The same way you test any system - you find a sampling of test subjects, have them interact with the system and then evaluate those interactions. No system is guaranteed to never fail, it's all about degree of effectiveness and resilience.
The thing is (and maybe this is what parent meant by non-determinism, in which case I agree it's a problem), in this brave new technological use-case, the space of possible interactions dwarfs anything machines have dealt with before. And it seems inevitable that the space of possible misunderstandings which can arise during these interactions will balloon similarly. Simply because of the radically different nature of our AI interlocutor, compared to what (actually, who) we're used to interacting with in this world of representation and human life situations.
> The same way you test any system - you find a sampling of test subjects, have them interact with the system and then evaluate those interactions.
That’s not strictly how I test my systems. I can release with confidence because of a litany of SWE best practices learned and borrowed from decades of my own and other people’s experiences.
> No system is guaranteed to never fail, it's all about degree of effectiveness and resilience.
It seems like the product space for services built on generative AI is diminishing by the day with respect to “effectiveness and resilience”. I was just laughing with some friends about how terrible most of the results are when using Apple’s new Genmoji feature. Apple, the company with one of the largest market caps in the world.
I can definitely use LLMs and other generative AI directly, and understand the caveats, and even get great results from them. But so far every service I’ve interacted with that was a “white label” repackaging of generative AI has been absolute dogwater.
> radically different nature of our AI interlocutor
It's the training data that matters. Your "AI interlocutor" is nothing more than a lossy compression algorithm.
Does knowing the system architecture not help you with defining things like happy path vs edge case testing? I guess it's much less applicable for overall system testing, but in "normal" systems you test components separately before you test the whole thing, which is not the case with LLMs.
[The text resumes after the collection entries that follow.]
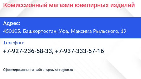 Комиссионный магазин ювелирных изделий по адресу 450105, Башкортостан, Уфа, Максима Рыльского, 19 в дальнейшем Организация, размещена в следующих категориях: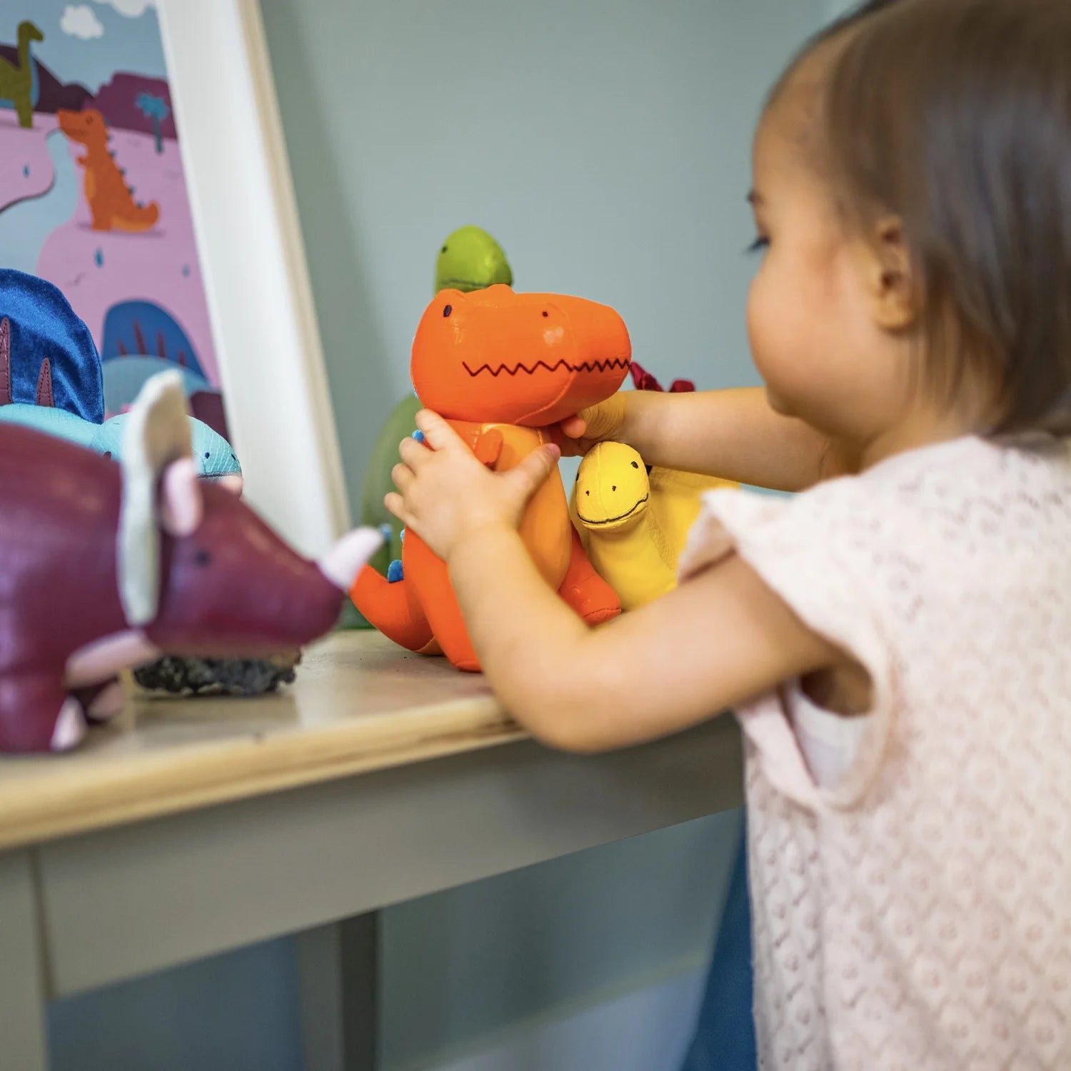 Rex el Tiranosaurio es un adorable dinosaurio de vivos colores que alegrará el día a cualquier niño.
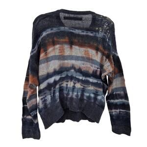 RAQUEL ALLERGRA SZ 2 MERINO WOOL CASHMERE DISTRESSED KNIT LONG SLEEVE SWEATER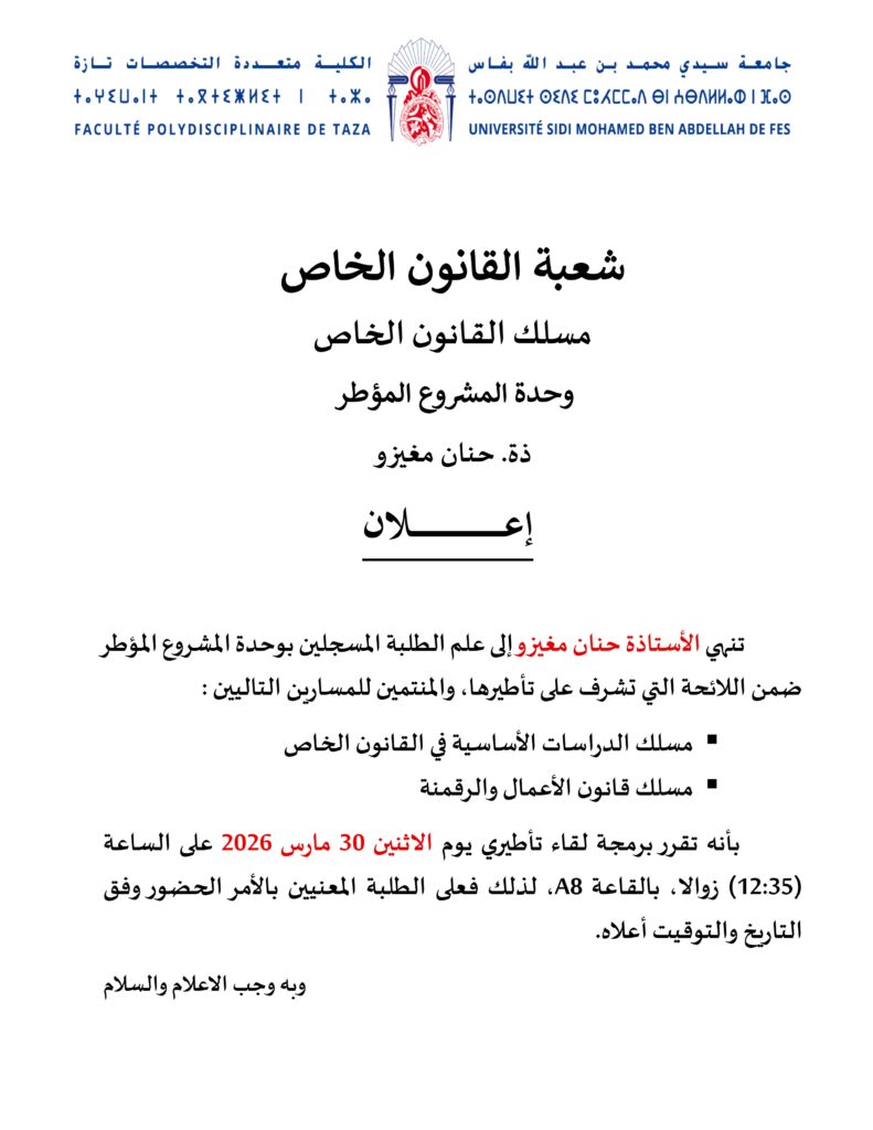 إعلان لطلبة شعبة القانون الخاص مسلك القانون الخاص وحدة المشروع المؤطر

By "non-deterministic" I meant that it can give you different output for the same input. Ask the same question, get a different answer every time, some of which can be accurate, some... not so much. Especially if you ask the same question in the same dialog (so question is the same but the context is not so the answer will be different).
EDIT: More interestingly, I find an issue, what do I even DO? If it's not related to integrations or your underlying data, the black box just gave nonsensical output. What would I do to resolve it?